(WHAT NEEDS TO BE DONE) Your task is to transcribe exactly, and only, the lines running from the one with "and gathered ruffles" to the end of the listing below, inclusive, with every picture left out.

(DATA)
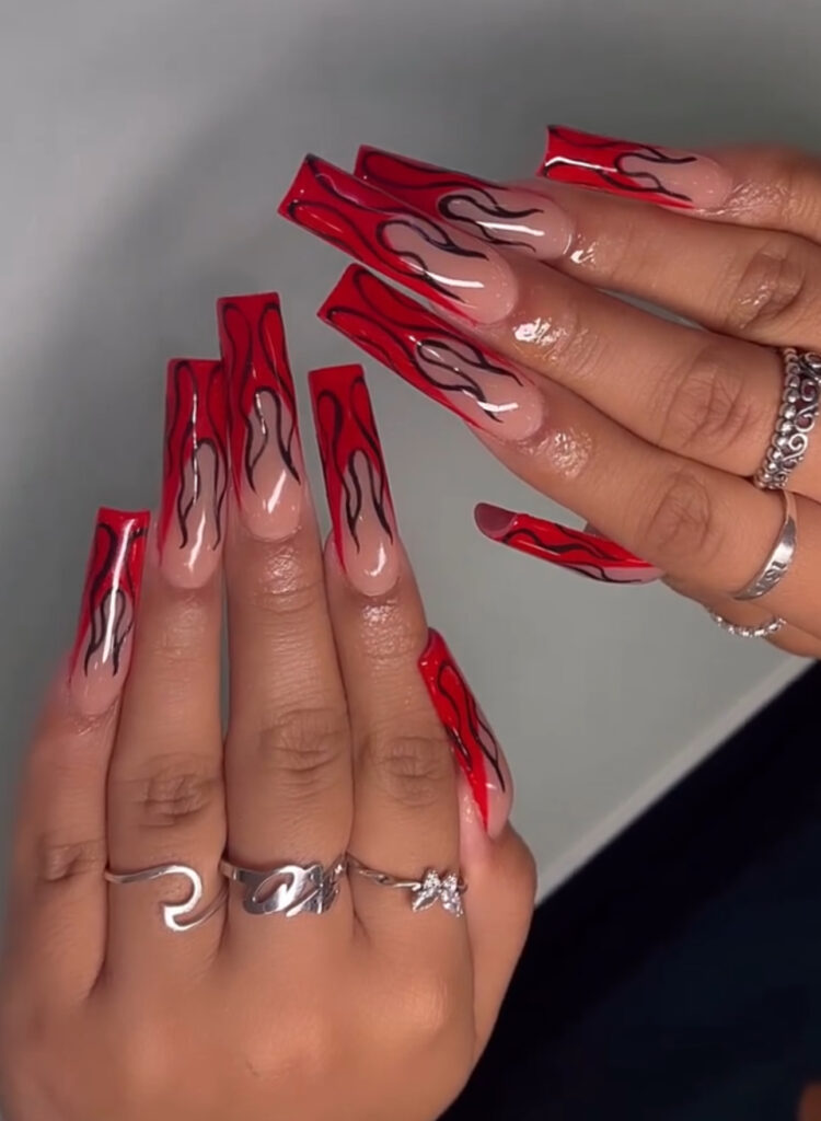 The black outline around the flames creates sharp contrast. That detail transforms the look from cute to seriously edgy. I love how the nude base keeps everything balanced while the red flames do all the talking.
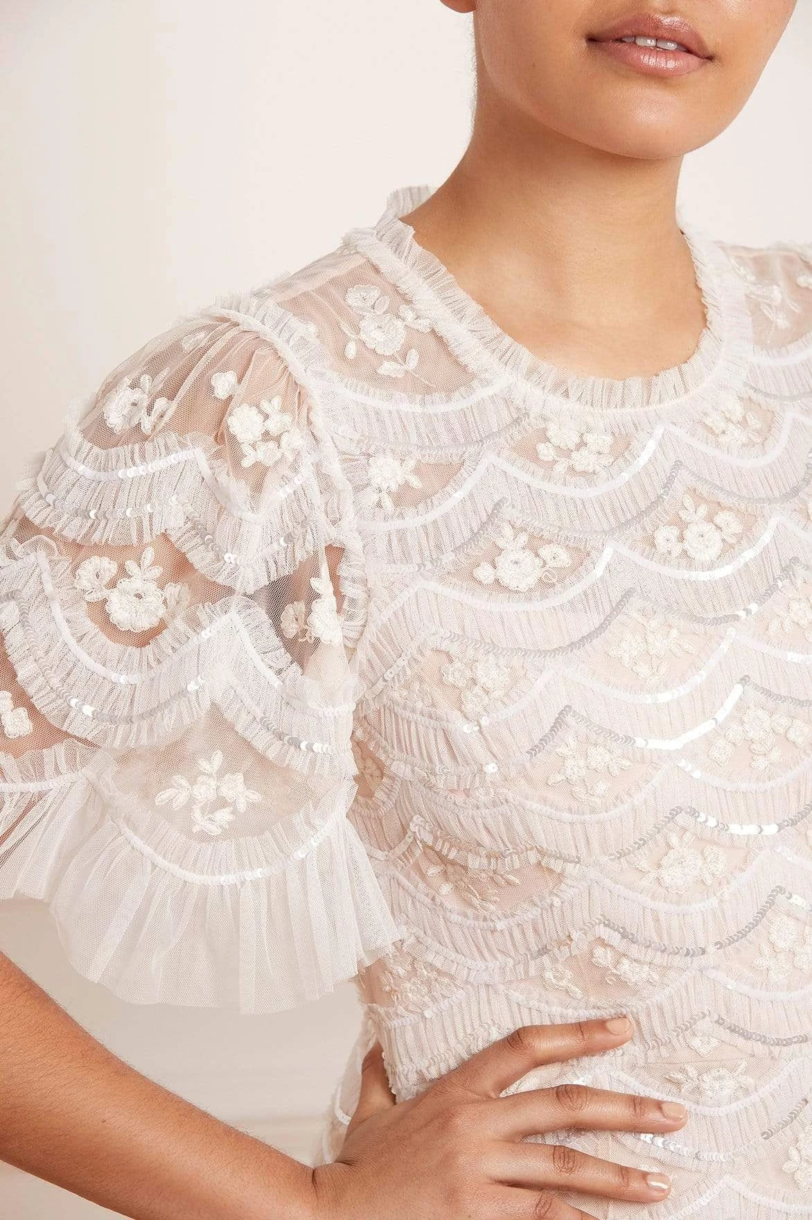 – Tulle decorated with tonal embroidery, iridescent sequins and gathered ruffles
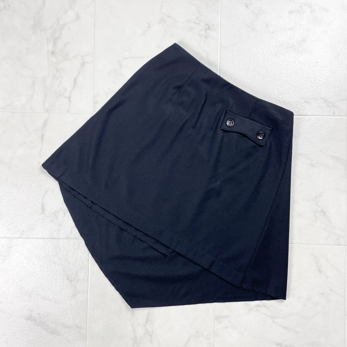McQ Alexander McQueen アレキサンダーマックイーン ウール混 アシンメトリーラップスカート 膝丈 ブラック 黒 サイズ40*GD983

(REPLY)
 – Tulle decorated with tonal embroidery, iridescent sequins and gathered ruffles
McQ Alexander McQueen アレキサンダーマックイーン ウール混 アシンメトリーラップスカート 膝丈 ブラック 黒 サイズ40*GD983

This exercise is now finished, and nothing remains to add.